Discussion and Potential Areas for Comment There are several areas with respect to the calculation of the 340B ceiling price where companies may wish to consider comments, including:

  • Confirming that the $0.01 ceiling price would be multiplied by the package size to determine the package price
  • Clarifying that the use of prior quarter ceiling prices is appropriate where prior quarter Medicaid data may be used (e.g., where there are no sales, or where the calculated AMP is a “false positive”)
  • Clarifying whether, in the context of new drug pricing, a manufacturer is only obligated to true-up pricing upon request of a covered entity (as reflected in existing policy), or whether it must do so in all circumstances, and addressing whether the proposed rule allows sufficient time for true-ups

Regarding the definition of an “instance of overcharging,” the following issues may warrant comment:

  • The meaning of “knowing and intentional”
  • Specific examples of how the “per NDC order” standard may apply
  • With respect to recalculation-based overcharges, the timeframes that manufacturers have to make corrections, and whether those corrections must be in response to covered entity requests

Finally, manufacturers may wish to seek additional guidance for mechanisms for making 340B prices available for products distributed exclusively through limited specialty channels, and should also consider the potential procedural limits of the OIG’s existing CMP regulations (e.g., limitations on discovery mechanisms).
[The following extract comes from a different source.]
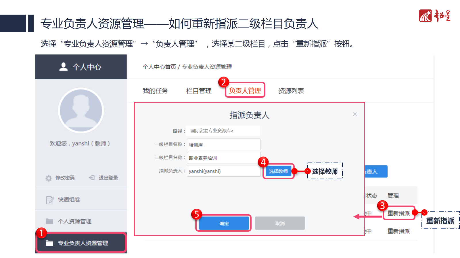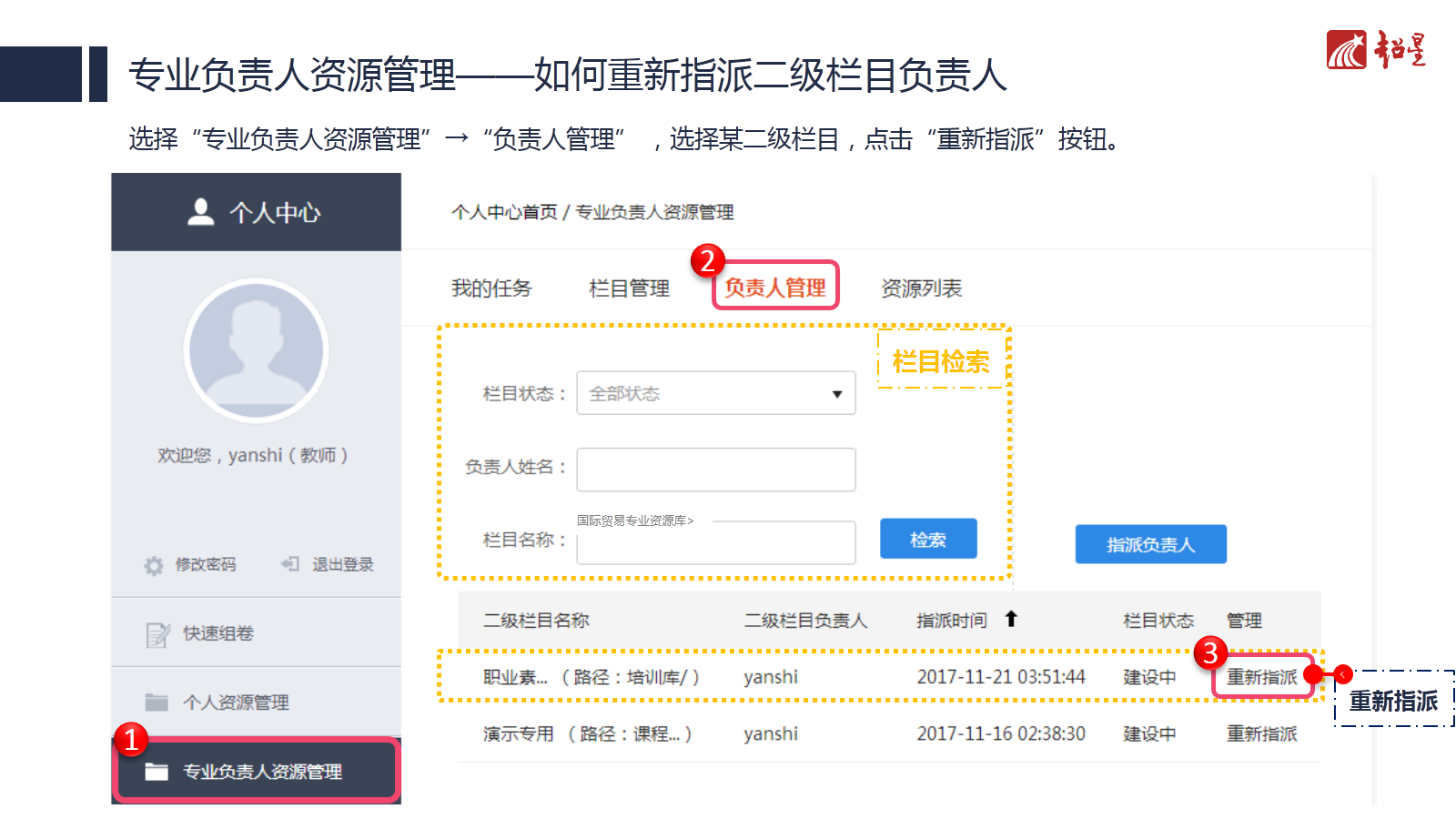 教师登录个人中心,选择“专业负责人资源管理”→“负责人管理”,选择某二级栏目,点击“重新指派”按钮。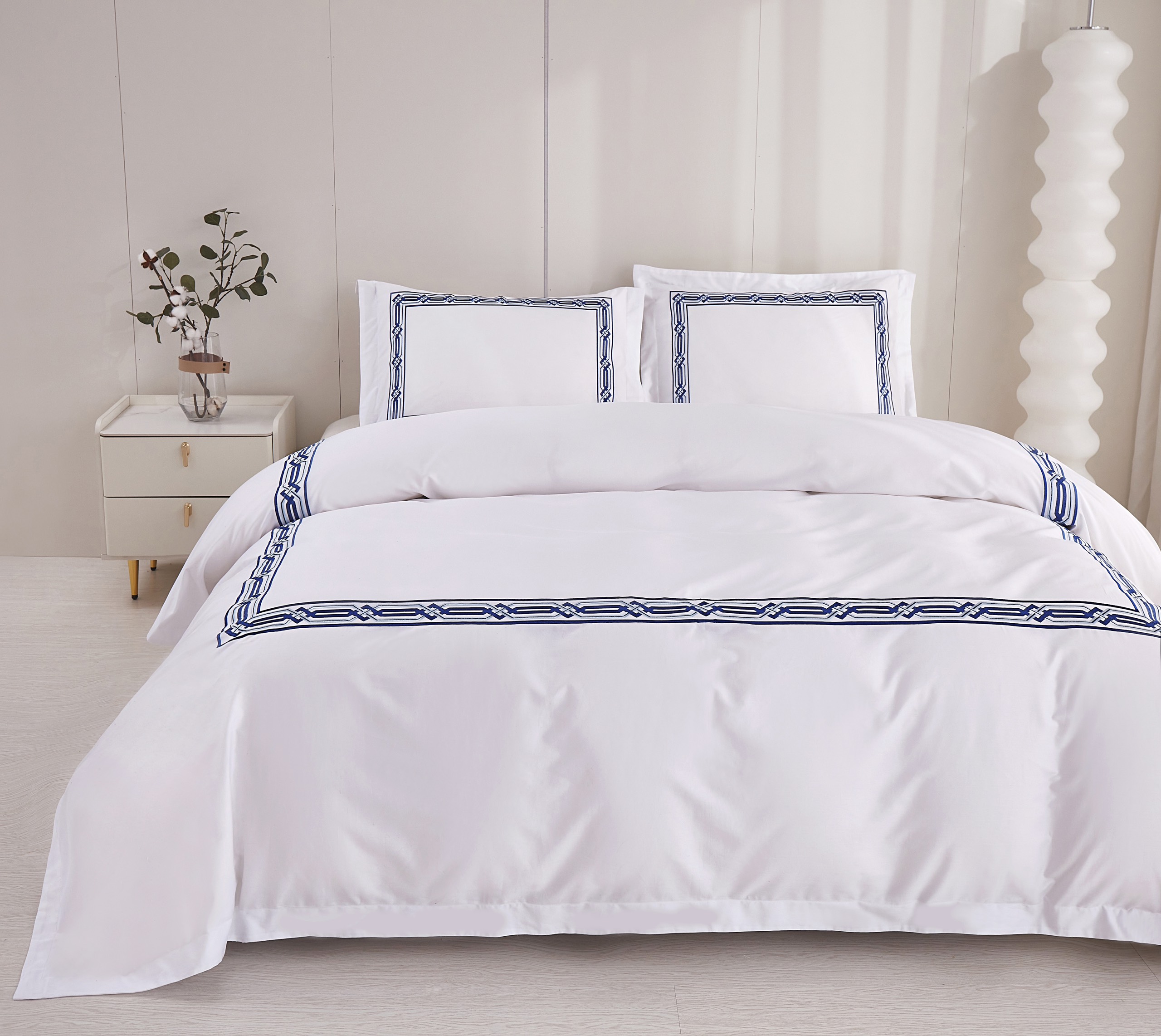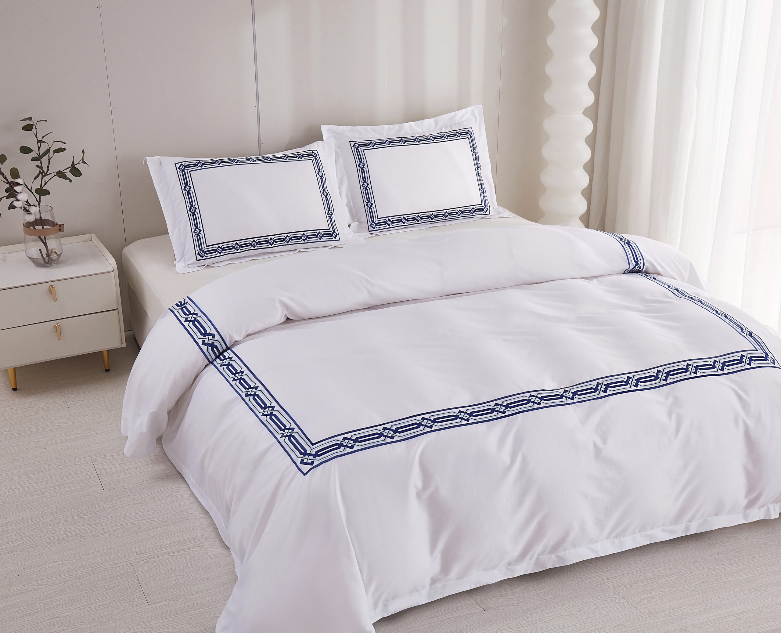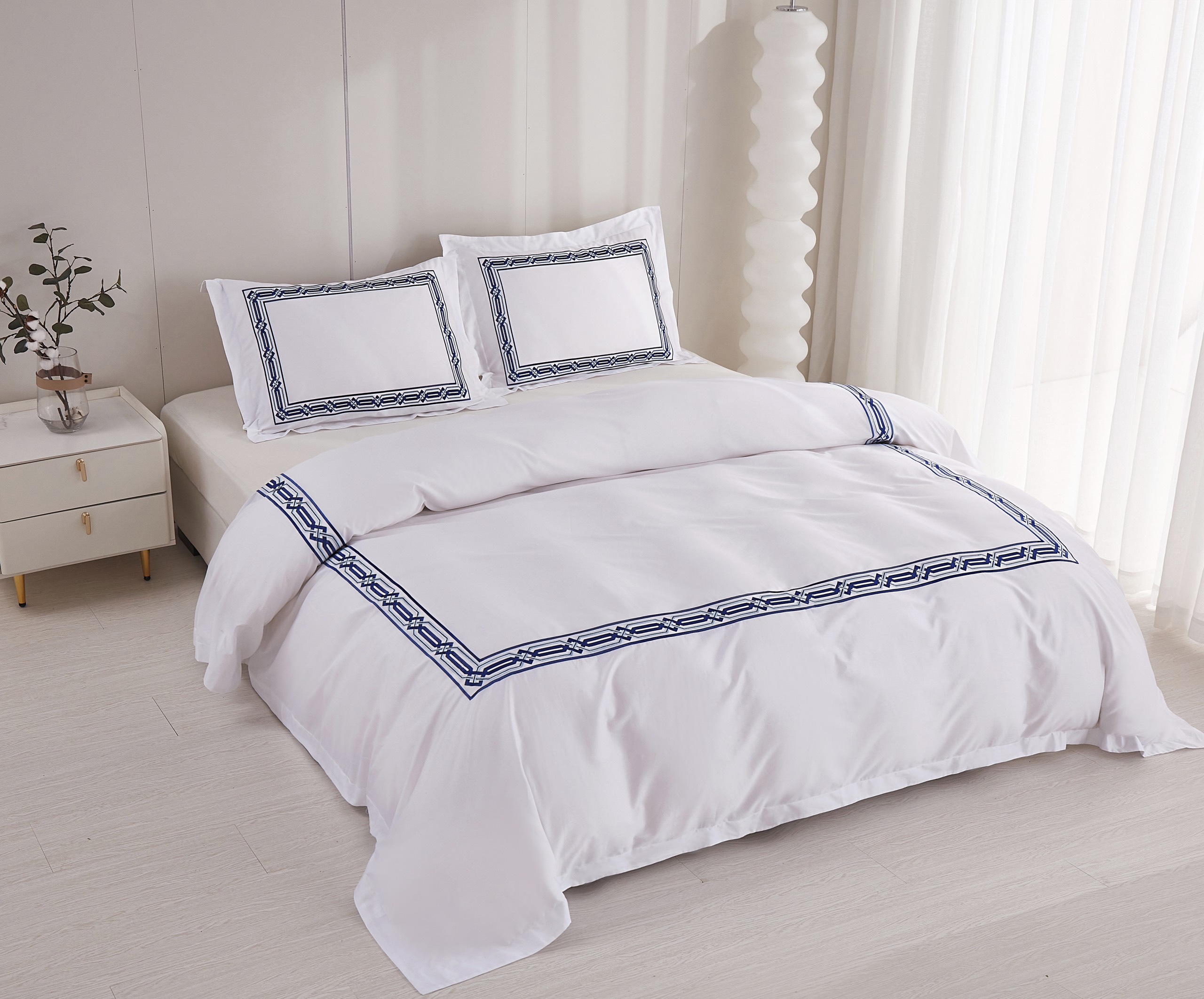 ✨Bộ chăn ra Casa Bello Home - Set Serenity Blue Cotton lụa satin thêu họa tiết thêu 5 món

Conclusion The 340B program is undergoing tremendous change in terms of operational and regulatory oversight. The CMP proposed rule is the first of several upcoming rulemakings in the area, and stakeholders should carefully review these proposals and consider submitting comments where appropriate.


  1. 42 U.S.C. 256b.
  2. 80 Fed. Reg. 34583 (June 17, 2015).
  3. 42 U.S.C. § 1396r-8.
  4. Id. § 256b(d)(1)(B)(vi).
  5. Again, HRSA states that this approach is consistent with its existing policy. However, its prior guidance suggests that such true-ups are only necessary upon request of a covered entity, rather than an affirmative duty on the part of manufacturers. See 60 Fed. Reg. at 51488 (Oct. 2, 1995).